Joseph Baynes served as Minister of Lands and Works in the Colonial Government and it was during this time that he piloted through the drainage of the Congella Swamps to develop Maydon Wharf which doubled the size of the Durban Harbour.
In 1887, Baynes became a member of the Indian Immigration Board, which the Colonial Government had set up to control all matters connected with the Indentured Indians, who were brought from India to work mainly on the sugar plantation of the Colony. In 1902 he was elected Chairman of this body and he fought long and hard to ensure that the promises made to the Indians on recruitment, were kept once the labourers arrived in Durban. This involved ensuring good accommodation, rations, medical care and so forth. In 1905 the Government of the day sought to impose unequal taxation on the Indian population as an inducement to them to return to India. Baynes was against this measure.

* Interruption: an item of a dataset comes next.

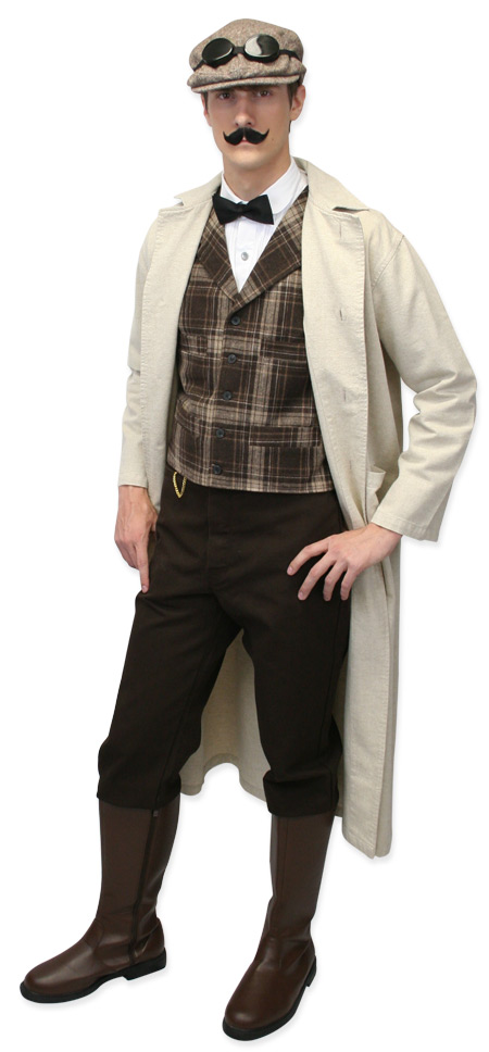 Barnaby Clifton (above) is an intrepid driver who's infamous for owning the first horseless carriage in the district. His costume comprises a linen duster, a plaid vest, mid-calf boots, a cap, brass googles and to top it off, a debonair stage mustache.

Throughout his life, Baynes stood for justice and fair play. When the Colonial Government wanted to impose a personal tax on the black population of the Colony in 1906, Joseph objected saying that as the Black people had no representation in the Government, an addition tax should not be imposed. His advice was ignored and this led, 6 months later, to the Bambatha Rebellion. This Rebellion against the Colonial Government started on the neighbouring farm Trewirgie. Sub-Inspector Sidney Hunt and Sergeant George Armstrong were killed in the skirmish. It is said that residents from the Byrne area fled the troubles area and came through Nel's Rust. One wounded trooper with san assegai in his back managed to reach Nel's Rust where he was nursed back to health by Joseph, Sarah and the staff. Fleeing members of the community took refuge in the Long Barn at Nel's Rust.
The only enterprise entered into by Joseph Baynes which was not successful, was a woolen factory in Langalibalele Street (Longmarket Street) Pietermaritzburg. In the early 1920's Joseph Baynes handed over the buildings which had housed his woolen factory, to James Hay, High Commissioner of the Salvation Army. His wish was that homes would be developed for a home for men and one for boys.

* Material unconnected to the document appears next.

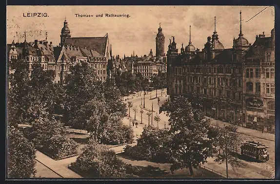 AK Leipzig, Anlagen am Thomasring u. Rathausring, Strassenbahn

The Salvation Army Joseph Baynes Children's Home has since moved to Trelawney Road in Pelham and is supported in many different ways by the Baynesfield Board of Administraton.

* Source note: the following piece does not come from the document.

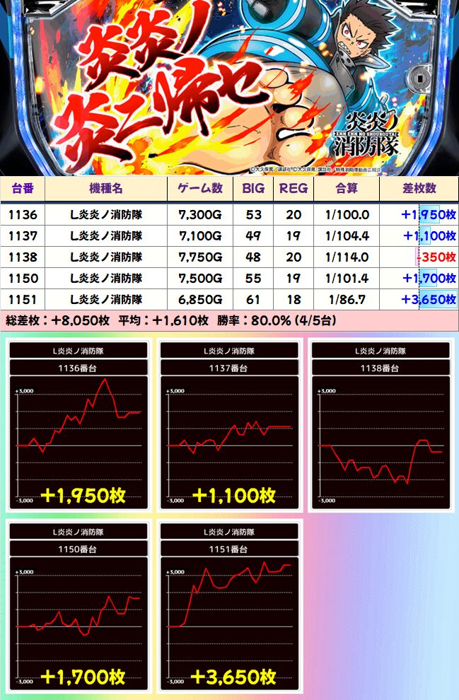 8のつく日ではおなじみの仕掛けである第8特殊消防隊。全台7000G前後回されており、不発もあればどしっかり差枚数はプラスです!

Joseph Baynes died on 16th July 1925, two years after his beloved wife Sarah. He left a detailed will in which he asked that the name of the farm Nel's Rust be changed be changed to Baynesfield. He left the entire estate of 23 000 acres in trust. Some of the clauses of his will are:
In beautifying and developing the Estate;
In expanding and developing the existing industries or creating further or new industries;
In scientific agricultural research;
In practical illustration of what is possible to be done in the way of development;
In creating agricultural schools or colleges;
In laying out such a portion or part of the Estate as may be thought fit as a public park;
And specially in establishing Industrial Institutes or Homes for under-privileged children.